Entry into a Material Definitive Agreement.

Transaction Documents

In connection with the Transactions, on the Closing Date, IFF, DuPont and N&B entered into additional agreements, including, among others:

 

   

a Tax Matters Agreement (the “Tax Matters Agreement”) among IFF, DuPont and N&B, to govern the parties’ respective rights, responsibilities, and obligations with respect to taxes, including taxes arising in the ordinary course of business, taxes, if any, incurred as a result of any failure of the Distribution, the Mergers (as defined in the Merger Agreement) or certain related transactions to qualify as tax-free for U.S. federal income tax purposes, and the apportionment of tax attributes. The Tax Matters Agreement also sets forth the respective obligations of the parties with respect to the filing of tax returns, the administration of tax contests and assistance and cooperation on tax matters; and

 

   

an Intellectual Property Cross-License Agreement (the “IP Cross-License Agreement”) between N&B, DuPont and certain of their subsidiaries, which sets forth the terms and conditions under which the applicable parties may use in their respective businesses certain know-how (including trade secrets), copyrights, design rights, software, and patents, allocated to another party pursuant to the Separation Agreement, and pursuant to which N&B may use certain standards retained by DuPont. All licenses under the IP Cross-License Agreement are non-exclusive, worldwide and royalty-free.

Each of the foregoing descriptions does not purport to be complete and is qualified in its entirety by reference to each of the Tax Matters Agreement and the IP Cross-License Agreement, respectively, copies of which are attached hereto as Exhibits 10.1 and 10.2 and each of which is incorporated by reference into this Item 1.01. A summary of the material terms of each of the agreements described above is also contained in IFF’s Registration Statement on Form S-4, as amended (Registration No. 333-238072), which was declared effective by the Securities and Exchange Commission (the “SEC”) on December 31, 2020 (the “IFF Registration Statement”) and is incorporated by reference into this Item 1.01.


Financing Matters

N&B Term Loan Credit Agreement

As previously disclosed, on January 17, 2020, N&B entered into a term loan credit agreement (as amended by the N&B Term Loan Amendment (as defined below), the “N&B Term Loan Credit Agreement”), with Morgan Stanley Senior Funding, Inc. as administrative agent, establishing a term loan facility in an aggregate principal amount of up to $1.25 billion (the “N&B Term Loan Facility”) in order to finance the Special Cash Payment and to pay related transaction fees and expenses.

On August 25, 2020, N&B entered into Amendment No. 1 to Credit Agreement (the “N&B Term Loan Amendment”), which provided, among other things, that after the Closing Date, IFF’s maximum permitted ratio of Net Debt to Consolidated EBITDA shall be 4.75 to 1.0, stepping down to 3.50 to 1.0 over time (with a step-up following the consummation of certain qualified acquisitions).

On the Closing Date, N&B borrowed $1.25 billion under the N&B Term Loan Credit Agreement to fund a portion of the Special Cash Payment.
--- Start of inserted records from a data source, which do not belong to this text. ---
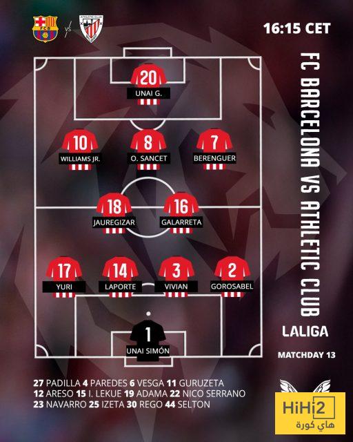 تشكيلة اتلتيك بيلباو الرسمية للقاء برشلونة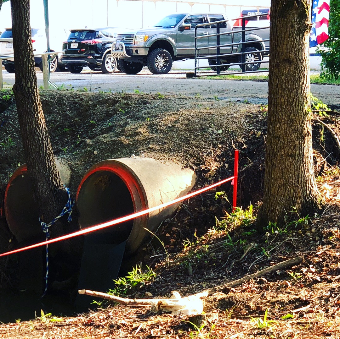 We continue on down a path hurdling over a number of logs and then winding us back into the stream and to our next longer drainage pipe. I had watched others do this in the morning and saw that all had let their dogs lead through. I did the same…
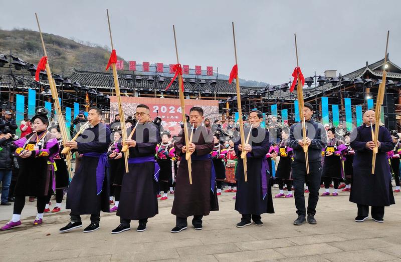 图片说明:2024年2月26日,苗族同胞在贵州省凯里市舟溪镇参加甘囊香芦笙比赛。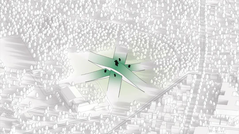 博物館從四面八方均可進入,南側廣場作為主要入口,既是社區(qū)活動的聚集地,也是博物館活動的中心點。蜿蜒的森林小徑和開放的廣場設計,引導游客自然地進入建筑內部,增強了與周圍環(huán)境的連通性。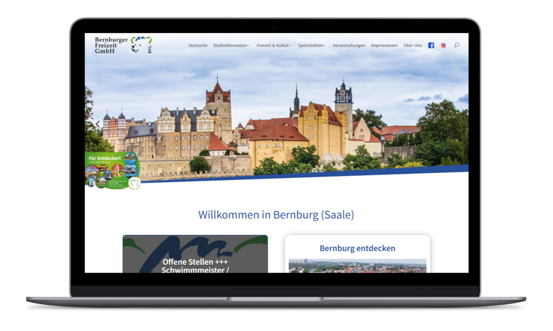 Die Bernburger Freizeit GmbH ist die städtische Tourismusabteilung der Stadt Bernburg. Sie ist verantwortlich für viele Freizeit- und Kulturangebote, Veranstaltungen und Sportstätten. Neben der Gestaltung und Pflege der Webseite unterstützen wir die BFG regelmäßig mit gezielten Werbekampagnen und Beratungsleistungen.

On the Closing Date, IFF also executed documentation to provide a guarantee of N&B’s obligations under the N&B Term Loan Credit Agreement.

The descriptions of the N&B Term Loan Credit Agreement and N&B Term Loan Amendment contained in this Item 1.01 do not purport to be complete and are subject to, and qualified in their entirety by, the full text of the N&B Term Loan Credit Agreement and N&B Term Loan Amendment filed as Exhibits 10.3 and 10.4, respectively, hereto and incorporated herein by reference.

IFF Credit Agreement Guarantees

As previously disclosed, on August 25, 2020, IFF and certain of its subsidiaries entered into the Second Amended and Restated Credit Agreement (the “Amended and Restated Revolving Credit Agreement”), which amended and restated the Credit Agreement, dated as of November 9, 2011, which had been previously amended and restated as of December 2, 2016, and further amended as of May 21, 2018, June 6, 2018, July 13, 2018 and January 17, 2020 among IFF, certain of its subsidiaries, the banks, financial institutions and other institutional lenders party thereto, and Citibank, N.A. as administrative agent.

The Amended and Restated Revolving Credit Agreement provided for the incurrence of an additional $1.0 billion of revolving commitments (the “Revolver Increase”), upon the consummation of and in connection with the Merger. In addition, the Amended and Restated Revolving Credit Agreement requires N&B to guarantee the obligations under the Revolving Credit Agreement. On the Closing Date, the Revolver Increase became effective, and N&B executed documentation to provide the required guarantee pursuant to the Amended and Restated Revolving Credit Agreement.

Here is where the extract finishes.